On 1 January 2026, a California law quietly changed the question every AI vendor has to answer. Not "how good is your model," but "what did you train it on, and can you prove it." The bill is AB 2013, the Generative Artificial Intelligence: Training Data Transparency Act. It was signed on 28 September 2024 and it is now live. The first wave of disclosures from the largest labs told me everything I needed to know about the difference between a model you can account for and one you cannot.

I have been saying for two years that provenance is not a compliance chore. It is a moat. AB 2013 just turned that argument into law.

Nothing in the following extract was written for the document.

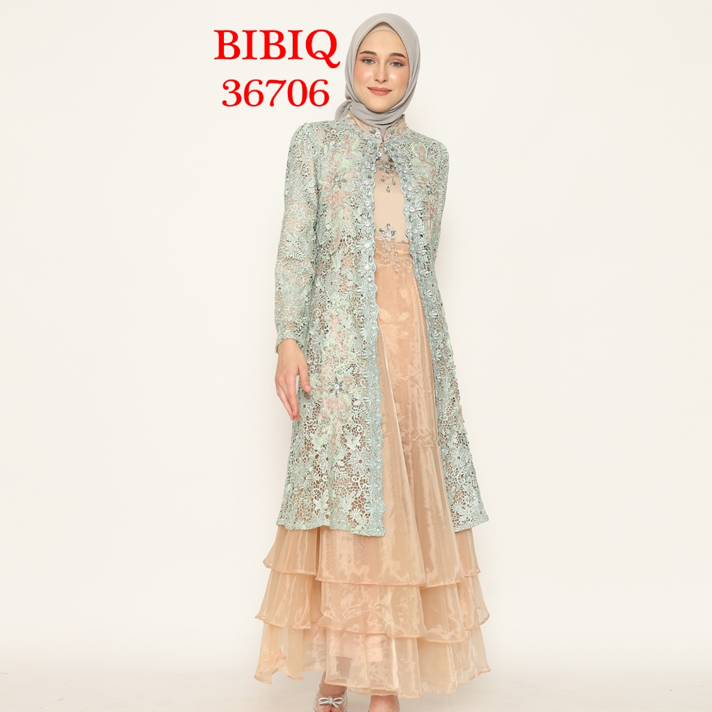 Gamis Pesta Baju Muslim Mewah BIBIQ Terbaru Bahan Brokat Satin Organza 36706

What the law actually requires

AB 2013 applies to developers of generative AI systems or services released on or after 1 January 2022 that are made available to people in California. That scope is wide enough to catch essentially every general-purpose model on the market. If you designed, coded, produced, or substantially modified a covered system, you are a developer under the statute.

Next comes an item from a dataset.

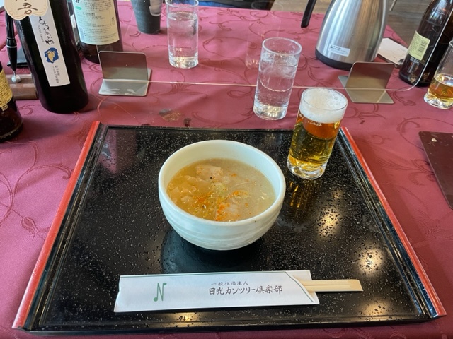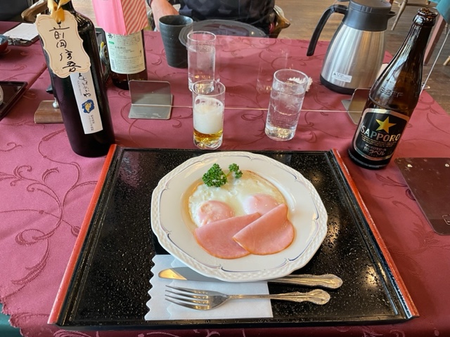 まずは、忘れていた帽子(これってきっと前田さんのじゃないか?と皆が言ってまして・・・)お渡しいただき、着替えてレストランへ。すでに縁の面々がおられましたので、ご一緒させていただきます。朝も売店も茶店もドリンクがフリーとのことで、黄金水をいただくことに。とハムエッグと豚汁とを。

The obligation is specific. Before you make a covered system publicly available, you have to post a high-level summary of the datasets used to train it on your website, and you have to update that summary whenever you make a substantial modification. The summary has to cover the sources or owners of the datasets, how those datasets serve the system's purpose, and the number of data points in general ranges. It has to say whether the datasets included data protected by copyright, trademark, or patent, or whether they are in the public domain, and whether the data was purchased or licensed. It has to disclose whether the datasets contained personal information or aggregate consumer information, whether synthetic data was used, what cleaning or processing was applied, and the time periods over which the data was collected and first used.

There are narrow exemptions. Systems used solely for security and integrity, systems that operate aircraft in national airspace, and systems developed for national security or defense purposes and made available only to a federal entity fall outside the requirement. For everyone else, the disclosure is the price of doing business in California.

The enforcement point people keep missing

AB 2013 does not create its own civil penalty schedule, and it does not carve out trade secrets. That combination matters. Because the text does not build a bespoke penalty structure, the practical enforcement route runs through California's Unfair Competition Law, which the Attorney General can wield and which opens the door to broader litigation exposure where harm can be shown. So the vendors who read this as "no fine, no problem" have misread it. A thin or misleading disclosure is not a free pass. It is an unfair-competition claim waiting for a plaintiff, sitting next to the copyright suits already in motion.

Classical marble scene, Dionysus, gold rim light on void black

The tell in the first disclosures

Here is what actually happened when the law went live. The biggest labs posted their summaries, and they were vague on purpose. The reporting on the first disclosures found that developers described only generalised categories: publicly available information, non-public data from third-party partners, data from users, synthetic data. On intellectual property, the summaries hedged. The common formulation acknowledged that training data includes material that "may be protected by copyright" alongside public-domain content, with varying IP status noted but not resolved.

Read that carefully. "May be protected by copyright" is not a description of a corpus. It is an admission that nobody kept a ledger. When your training set is the open web at scale, you genuinely cannot enumerate what is in it, because you never controlled what went in. The high-level summary is thin because the underlying knowledge is thin. That is not a drafting choice. It is the structural consequence of how these models were built.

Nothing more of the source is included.